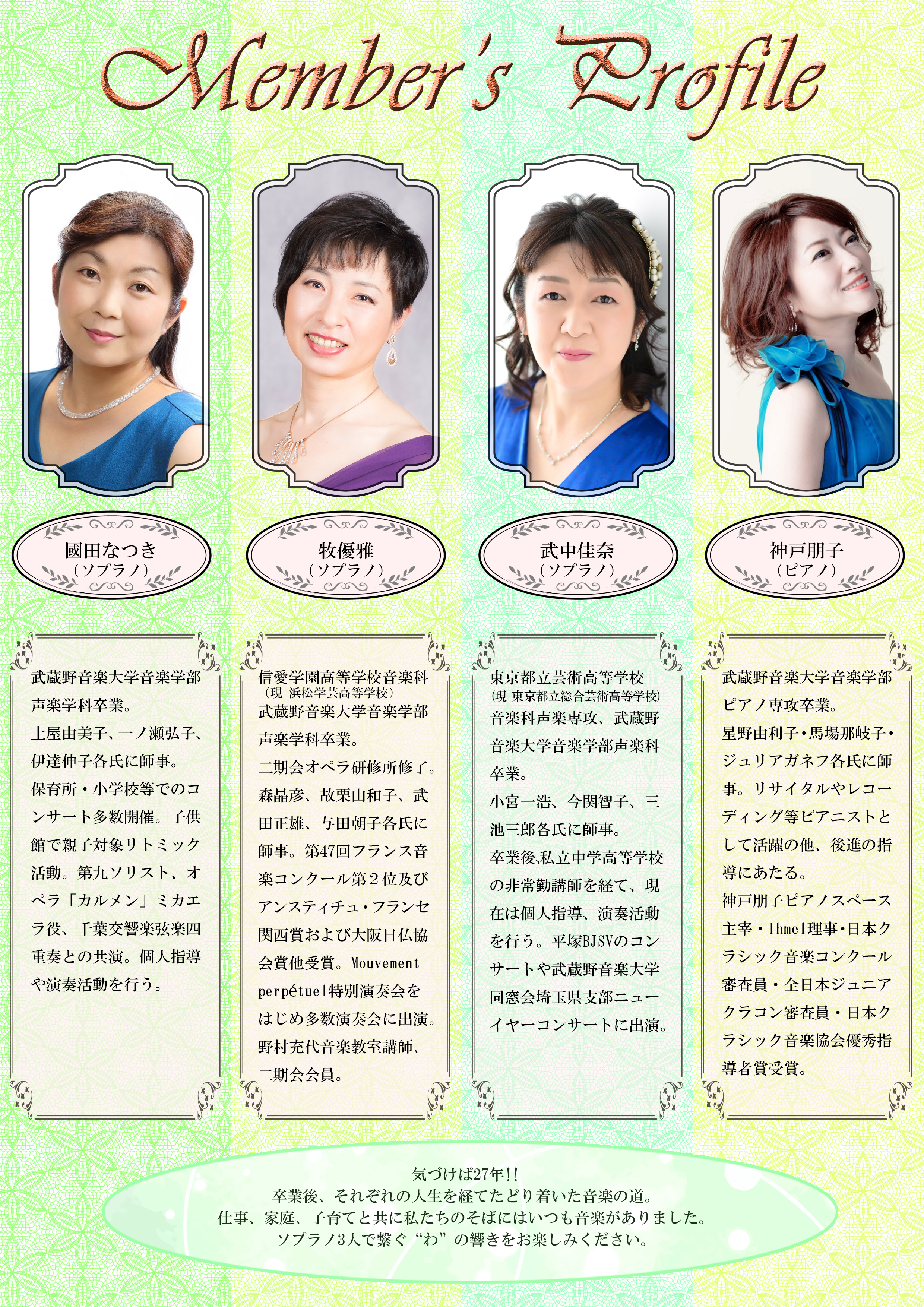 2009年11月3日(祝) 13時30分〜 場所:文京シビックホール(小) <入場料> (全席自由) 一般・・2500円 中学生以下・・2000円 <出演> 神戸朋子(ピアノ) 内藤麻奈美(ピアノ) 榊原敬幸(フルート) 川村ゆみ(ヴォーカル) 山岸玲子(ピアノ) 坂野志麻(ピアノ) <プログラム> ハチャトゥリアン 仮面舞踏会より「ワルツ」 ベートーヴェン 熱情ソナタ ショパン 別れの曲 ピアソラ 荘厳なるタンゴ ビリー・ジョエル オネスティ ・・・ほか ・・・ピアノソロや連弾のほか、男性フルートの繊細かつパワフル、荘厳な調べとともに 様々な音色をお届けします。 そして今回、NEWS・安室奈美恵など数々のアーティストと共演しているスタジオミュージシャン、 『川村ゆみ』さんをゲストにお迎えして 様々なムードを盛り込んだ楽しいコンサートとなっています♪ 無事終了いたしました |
==
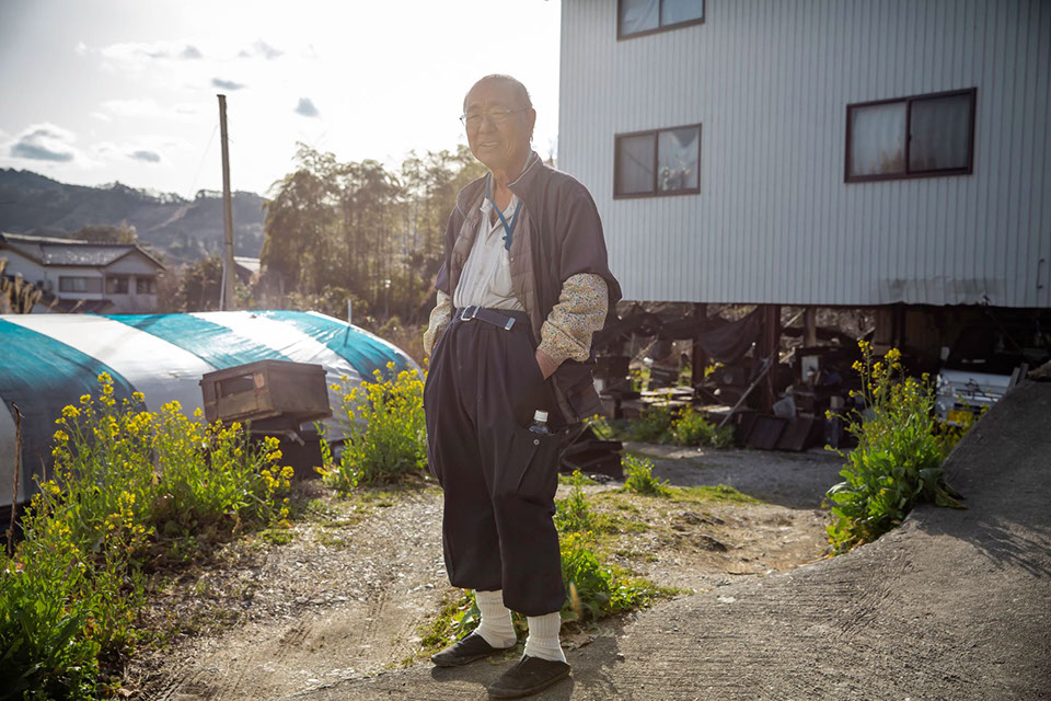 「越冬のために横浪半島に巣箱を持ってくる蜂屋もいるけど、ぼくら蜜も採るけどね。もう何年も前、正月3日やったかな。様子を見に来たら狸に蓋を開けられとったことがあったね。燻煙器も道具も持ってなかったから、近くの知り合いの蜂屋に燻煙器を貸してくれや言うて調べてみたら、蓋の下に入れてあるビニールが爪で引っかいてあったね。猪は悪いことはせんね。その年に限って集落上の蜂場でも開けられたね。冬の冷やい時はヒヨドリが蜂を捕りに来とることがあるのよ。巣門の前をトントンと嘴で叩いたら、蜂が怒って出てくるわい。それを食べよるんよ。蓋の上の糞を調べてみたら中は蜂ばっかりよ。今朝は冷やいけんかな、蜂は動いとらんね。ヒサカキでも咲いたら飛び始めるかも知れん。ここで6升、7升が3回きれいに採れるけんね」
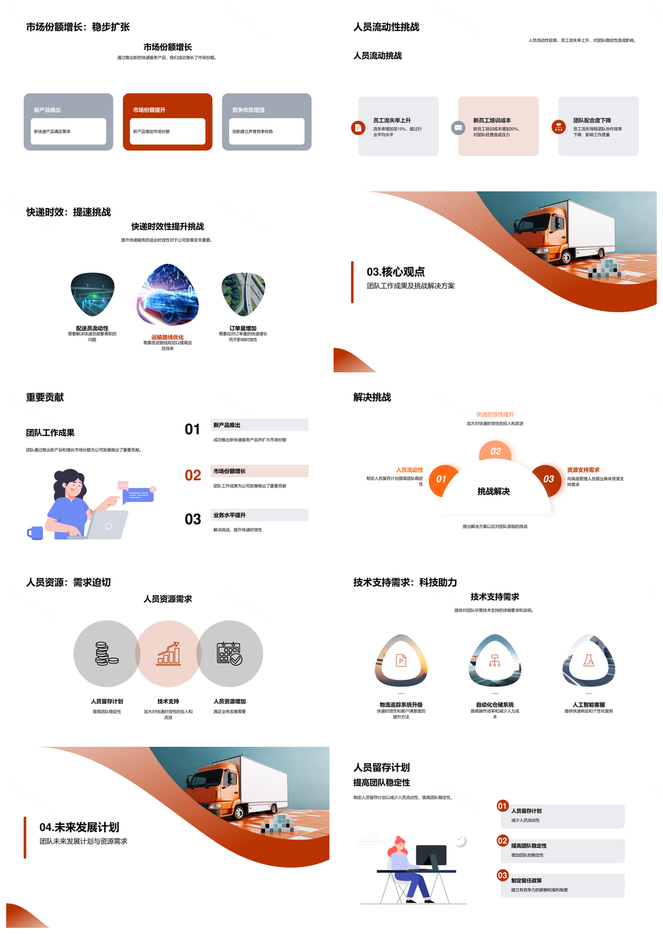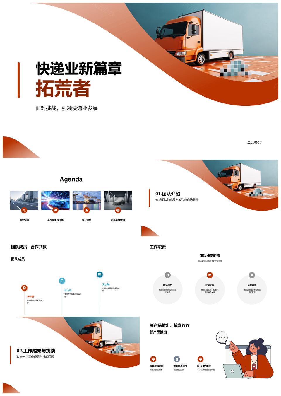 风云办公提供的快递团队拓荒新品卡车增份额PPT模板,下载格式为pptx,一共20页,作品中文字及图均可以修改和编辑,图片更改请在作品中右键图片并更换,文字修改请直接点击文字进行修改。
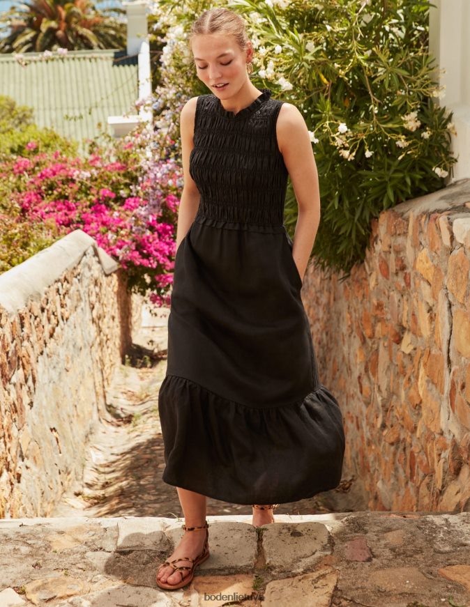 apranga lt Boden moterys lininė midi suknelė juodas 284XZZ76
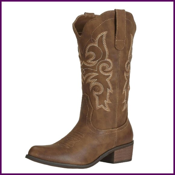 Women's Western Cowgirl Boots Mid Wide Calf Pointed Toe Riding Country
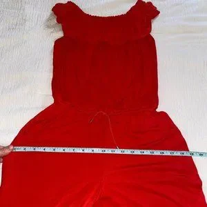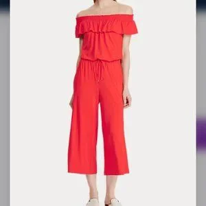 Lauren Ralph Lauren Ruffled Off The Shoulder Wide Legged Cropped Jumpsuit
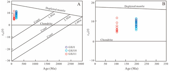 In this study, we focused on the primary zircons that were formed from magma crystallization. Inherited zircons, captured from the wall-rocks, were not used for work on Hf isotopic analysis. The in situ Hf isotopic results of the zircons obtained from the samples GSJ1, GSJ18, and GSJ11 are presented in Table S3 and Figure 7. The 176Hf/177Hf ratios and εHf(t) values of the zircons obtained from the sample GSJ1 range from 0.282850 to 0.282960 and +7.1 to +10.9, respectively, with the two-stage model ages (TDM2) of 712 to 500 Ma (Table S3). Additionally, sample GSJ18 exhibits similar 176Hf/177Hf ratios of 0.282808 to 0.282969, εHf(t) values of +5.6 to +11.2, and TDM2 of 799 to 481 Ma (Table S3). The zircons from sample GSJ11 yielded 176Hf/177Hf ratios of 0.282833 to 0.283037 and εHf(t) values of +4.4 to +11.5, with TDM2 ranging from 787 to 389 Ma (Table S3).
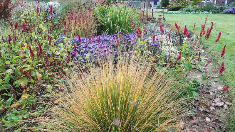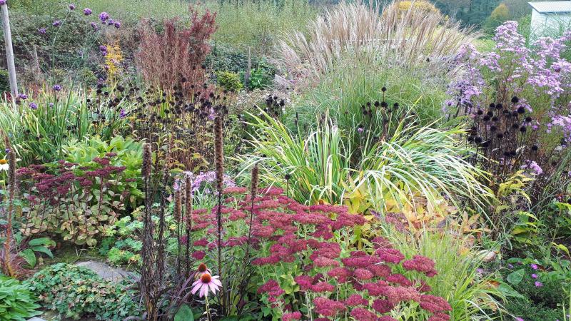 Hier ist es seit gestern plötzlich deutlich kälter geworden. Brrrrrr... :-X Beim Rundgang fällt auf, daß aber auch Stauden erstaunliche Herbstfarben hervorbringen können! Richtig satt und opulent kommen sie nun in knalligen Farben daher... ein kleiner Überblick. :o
* * *
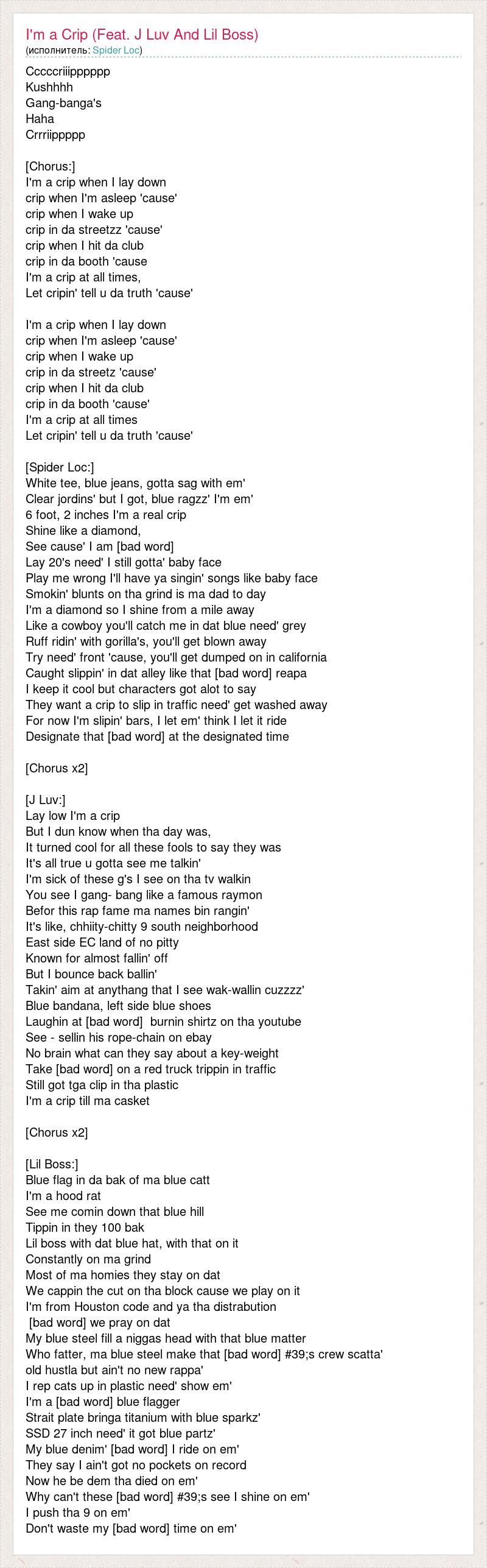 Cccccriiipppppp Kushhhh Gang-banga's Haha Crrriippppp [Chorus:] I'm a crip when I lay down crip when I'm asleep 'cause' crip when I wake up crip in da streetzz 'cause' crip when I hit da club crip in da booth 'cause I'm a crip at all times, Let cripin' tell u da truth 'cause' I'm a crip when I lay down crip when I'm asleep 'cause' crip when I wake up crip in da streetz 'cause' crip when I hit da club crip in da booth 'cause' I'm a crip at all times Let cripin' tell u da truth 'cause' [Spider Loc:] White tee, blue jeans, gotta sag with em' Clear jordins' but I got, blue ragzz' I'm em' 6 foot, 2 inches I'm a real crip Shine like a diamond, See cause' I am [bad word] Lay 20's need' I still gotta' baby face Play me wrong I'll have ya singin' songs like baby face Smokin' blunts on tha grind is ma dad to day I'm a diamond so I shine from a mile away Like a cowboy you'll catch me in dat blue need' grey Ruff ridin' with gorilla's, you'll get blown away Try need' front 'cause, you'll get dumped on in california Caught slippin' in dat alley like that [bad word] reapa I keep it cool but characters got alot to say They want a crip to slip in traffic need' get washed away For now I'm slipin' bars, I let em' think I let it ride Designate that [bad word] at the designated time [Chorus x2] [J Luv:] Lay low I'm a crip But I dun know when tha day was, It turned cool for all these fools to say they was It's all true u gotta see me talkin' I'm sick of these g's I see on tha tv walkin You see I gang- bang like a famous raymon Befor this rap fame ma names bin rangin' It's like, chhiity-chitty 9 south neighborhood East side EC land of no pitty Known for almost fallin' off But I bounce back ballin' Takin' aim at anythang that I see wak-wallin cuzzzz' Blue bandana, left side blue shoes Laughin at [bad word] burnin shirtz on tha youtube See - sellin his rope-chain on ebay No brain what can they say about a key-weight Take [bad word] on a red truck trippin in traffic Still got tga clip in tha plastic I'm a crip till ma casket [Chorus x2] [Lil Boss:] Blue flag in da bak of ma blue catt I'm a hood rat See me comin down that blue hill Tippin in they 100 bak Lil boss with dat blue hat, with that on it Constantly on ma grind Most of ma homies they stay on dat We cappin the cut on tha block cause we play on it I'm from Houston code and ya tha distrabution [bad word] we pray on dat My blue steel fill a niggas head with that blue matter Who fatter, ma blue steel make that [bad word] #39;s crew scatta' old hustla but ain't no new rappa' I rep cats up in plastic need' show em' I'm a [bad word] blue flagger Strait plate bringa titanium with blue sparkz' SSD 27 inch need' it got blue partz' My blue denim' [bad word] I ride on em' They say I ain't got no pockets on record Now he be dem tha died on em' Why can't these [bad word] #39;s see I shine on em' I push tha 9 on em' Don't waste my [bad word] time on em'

**Assignment**
What to print is the stretch of entries from the line with "风云办公提供的快递团队拓荒新" up to and including the line with "Hier ist es". Please print it exactly and leave out the pictures.

**Output of the exercise**
 风云办公提供的快递团队拓荒新品卡车增份额PPT模板,下载格式为pptx,一共20页,作品中文字及图均可以修改和编辑,图片更改请在作品中右键图片并更换,文字修改请直接点击文字进行修改。
 apranga lt Boden moterys lininė midi suknelė juodas 284XZZ76
 Women's Western Cowgirl Boots Mid Wide Calf Pointed Toe Riding Country
 Lauren Ralph Lauren Ruffled Off The Shoulder Wide Legged Cropped Jumpsuit
 In this study, we focused on the primary zircons that were formed from magma crystallization. Inherited zircons, captured from the wall-rocks, were not used for work on Hf isotopic analysis. The in situ Hf isotopic results of the zircons obtained from the samples GSJ1, GSJ18, and GSJ11 are presented in Table S3 and Figure 7. The 176Hf/177Hf ratios and εHf(t) values of the zircons obtained from the sample GSJ1 range from 0.282850 to 0.282960 and +7.1 to +10.9, respectively, with the two-stage model ages (TDM2) of 712 to 500 Ma (Table S3). Additionally, sample GSJ18 exhibits similar 176Hf/177Hf ratios of 0.282808 to 0.282969, εHf(t) values of +5.6 to +11.2, and TDM2 of 799 to 481 Ma (Table S3). The zircons from sample GSJ11 yielded 176Hf/177Hf ratios of 0.282833 to 0.283037 and εHf(t) values of +4.4 to +11.5, with TDM2 ranging from 787 to 389 Ma (Table S3).
 Hier ist es seit gestern plötzlich deutlich kälter geworden. Brrrrrr... :-X Beim Rundgang fällt auf, daß aber auch Stauden erstaunliche Herbstfarben hervorbringen können! Richtig satt und opulent kommen sie nun in knalligen Farben daher... ein kleiner Überblick. :o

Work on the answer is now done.